As pointed out by researchers in Reference [
9], the reason why AI models are still confined to offline data processing is that their weights and topology are often too large to fit into the available resources onboard Earth Observation satellites. At the same time, inference of DL systems is computationally intensive, and this can be a problem in a low-power-budget environment. New networks need to be engineered taking into account the different computation restrictions related to memory usage, training, and inference time cost. On-board data processing in spaceborne Earth Observation systems is gaining relevance, and methods for different Remote Sensing applications are being developed [
9,
10,
11,
12,
13]. This trend is substantially accelerated by the recent joint effort of multiple Deep Learning research studies of providing new implementations of efficient network architectures that limit the overall number of parameters while achieving state-of-the-art performances. These networks [
14,
15,
16] are built out of custom-designed operation modules that fulfill this task.
A careful reorganization of existing architectures and introduction of efficient modules can solve the previously described problems and accelerate the transformation of AI-driven systems from offline processing tools to powerful dynamic edge applications. Motivated by these considerations, in this paper, we propose an efficient implementation of the HAFNet model called HAFNetE that exceeds state-of-the-art, fusion-based building extraction performances while, at the same time, affording a 92% reduction from the original number of network parameters. This substantial cut in requirements makes it possible to directly deploy the model as an on-board spaceborne urban mapping system.
3. HAFNet and HAFNetE
In this section, we introduce HAFNetE, an efficient hybrid attention-aware fusion network for building extraction, starting from its predecessor HAFNet or Hybrid Attention-aware Fusion Network. HAFNet is a multi-modal building extraction segmentation network that utilizes cross-modal and individual features to perform builiding footprint extraction, and it accepts HRI RGB images and LiDAR data as its inputs. The overall architecture is comprised of three streams: RGB, DSM, and cross-modal. All the streams are built as parallel SegNets [
26], where the encoder part is characterized by a VGG-16 structure. The RGB and DSM streams are designed to learn individual modal features. These features are then fused together after each set of convolutional operations with an Attention-Aware Multi-modal Fusion Block (Att-MFBlock) in the cross-modal stream. The extracted features from each stream are decoded in their respective decoder stream and finally combined at the decision stage using again an Attention-Aware Multi-modal Fusion Block to produce the final segmented output. By using both individual and cross-modal streams, it is possible to learn more discriminative features and, therefore, achieve a comprehensive building extraction result. Starting from this existing scheme, HAFNetE preserves the three-stream network concept but utilizes both a completely different single stream architecture and encoder structure. The model architecture is shown in
Figure 2.
The network is comprised of three subnetworks (streams): the RGB stream, the DSM stream, and the cross-modal stream. RGB HRI images and LiDAR-derived DSM data are fed as input to the model where features are extracted, respectively, by the RGB stream encoder and the DSM stream encoder. The extracted features are then combined in the cross-modal stream encoder by using the previously discussed Attention-aware multi-fusion block.
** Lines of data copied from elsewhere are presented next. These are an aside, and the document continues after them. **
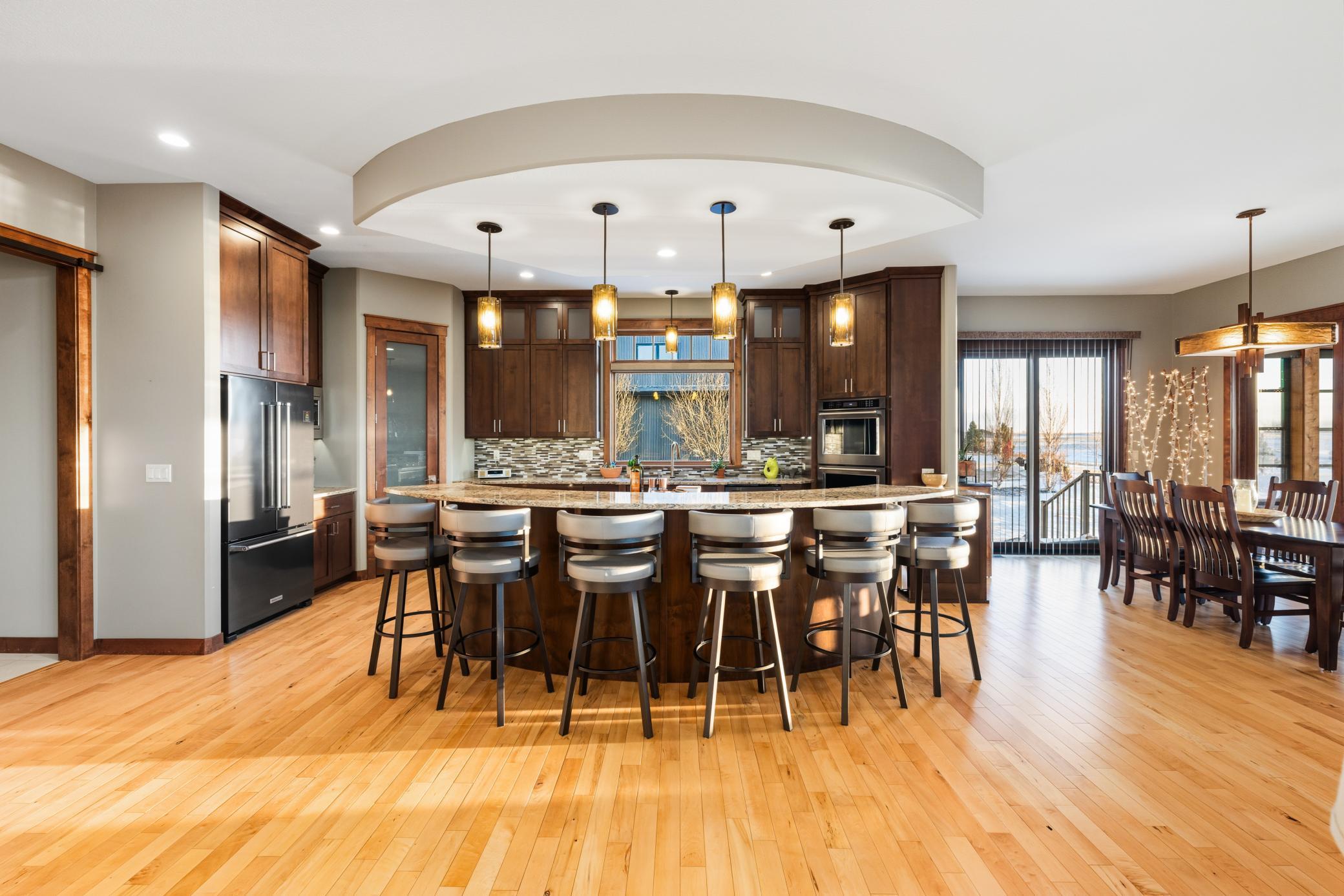 A rare opportunity to own an extraordinary residence where luxury design and effortless living come together. This impressive five bedroom four bath home offers true one level living with a beautifully appointed main floor mother in law suite, providing exceptional comfort and privacy. Perfectly positioned along the 15th hole of the Oxbow Country Club, the home captures breathtaking sunset views that feel straight out of a magazine.Inside, the expansive open concept floor plan is both elegant and inviting, ideal for refined entertaining or relaxed everyday living. Three distinct patios create multiple outdoor living experiences, while a gas fire pit sets the stage for memorable evenings. The lower level offers a spa like retreat with a private sauna located in the basement bathroom, adding a touch of everyday indulgence.Completing the home is a three stall attached garage with a bonus loft above the garage, a new dishwasher, two Tesla charging stations, and an electric dog fence. Set within an exceptionally peaceful neighborhood, this home delivers a rare blend of luxury, comfort, and setting. Opportunities like this are few and far between
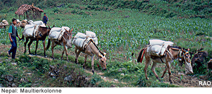 Ähnlich wie die Alpenbewohner haben die Menschen im Himalaja viele der Arbeits- und Handelswege mit Steinen befestigt und stabilisiert. Dieser Ausbau sorgt dafür, dass die Wege auch während regenreichen Zeiten sicher begangen werden können.
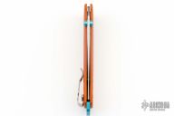 - Orange anodized aluminum handle with complementary blue aluminum pommel with a lanyard slot

The cross-modal specific stream is added to combine different modalities at an early stage and, therefore, to learn more discriminative cross-modal features [
27]. After the decoding phase, predictions coming from the three streams are fused using the Att-MFBlock [
8] to provide a comprehensive building extraction result. Unlike the previous HAFNet model, whose architecture was based on three parallel SegNet-like streams using VGG16-style encoders in each of them, HAFNetE introduces modifications both at the encoder level and at the single stream level. VGG-16 encoders are substituted with EfficientNet encoders. This family of models is specifically designed for good encoding performance even with limited available resources. This translates to simple networks with fewer parameters. Small models yield multiple advantages: faster training, shorter inference times, and bearable memory footprint on the system where the model is deployed. Multiple networks characterized by these features exist (MobileNet, MobileNetV2, etc.); however, an EfficientNet-B0-type encoder was selected across the candidates because it offers a good compromise in the performance/computational cost trade-off. As a matter of fact, by reducing the number of parameters in the model, performance is likely to decrease. However, EfficientNet, by scaling the number of parameters according to the Compounding Scaling method [
16], attains high performances with approximately
fewer parameters than classical models, such as ResNet-50 [
28]. An efficiency comparison between EfficientNet models and classical models is reported in
Table 1.
At the individual stream level, the SegNet structure is substituted with a U-Net network [
31]. U-Net has a similar architecture to the previously utilized SegNet and offers a suitable alternative to it, thanks to its effective feature re-localization capability. The conceptually simple architecture of U-Net makes it easy and elegant to implement. Moreover, one objective of the research is to assess whether the previously proposed HAFNet three-streams network can be generalized and effectively being employed using different base models, such as U-Net. For these reasons, U-Net was selected as the single-stream subnetwork.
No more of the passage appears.